▶ Exercise aim
Reproduce the following data exactly, minus any images.
##### Dataset excerpt
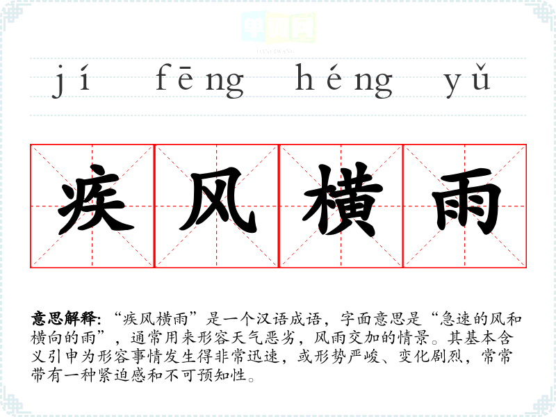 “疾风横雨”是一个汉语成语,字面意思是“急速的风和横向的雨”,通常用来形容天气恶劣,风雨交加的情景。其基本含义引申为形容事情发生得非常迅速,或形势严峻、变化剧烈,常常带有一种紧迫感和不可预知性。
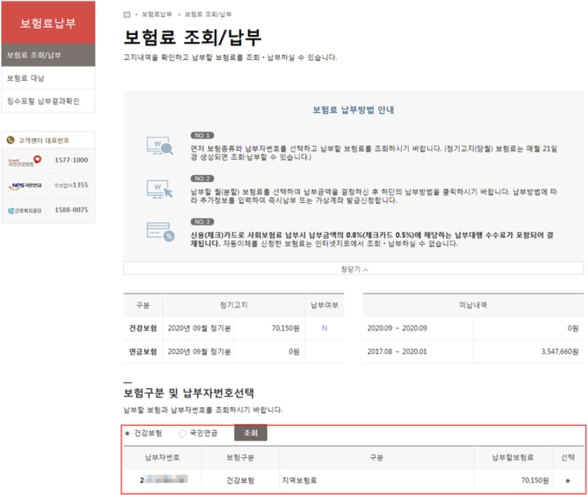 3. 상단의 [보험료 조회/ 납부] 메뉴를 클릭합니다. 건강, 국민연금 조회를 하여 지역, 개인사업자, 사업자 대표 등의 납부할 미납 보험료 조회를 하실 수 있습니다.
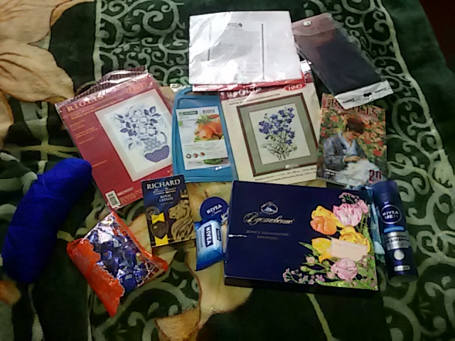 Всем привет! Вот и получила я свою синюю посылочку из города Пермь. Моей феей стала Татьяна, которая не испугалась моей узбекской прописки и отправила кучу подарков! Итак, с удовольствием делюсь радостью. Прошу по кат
##########
▶ Response below
 “疾风横雨”是一个汉语成语,字面意思是“急速的风和横向的雨”,通常用来形容天气恶劣,风雨交加的情景。其基本含义引申为形容事情发生得非常迅速,或形势严峻、变化剧烈,常常带有一种紧迫感和不可预知性。
 3. 상단의 [보험료 조회/ 납부] 메뉴를 클릭합니다. 건강, 국민연금 조회를 하여 지역, 개인사업자, 사업자 대표 등의 납부할 미납 보험료 조회를 하실 수 있습니다.
 Всем привет! Вот и получила я свою синюю посылочку из города Пермь. Моей феей стала Татьяна, которая не испугалась моей узбекской прописки и отправила кучу подарков! Итак, с удовольствием делюсь радостью. Прошу по кат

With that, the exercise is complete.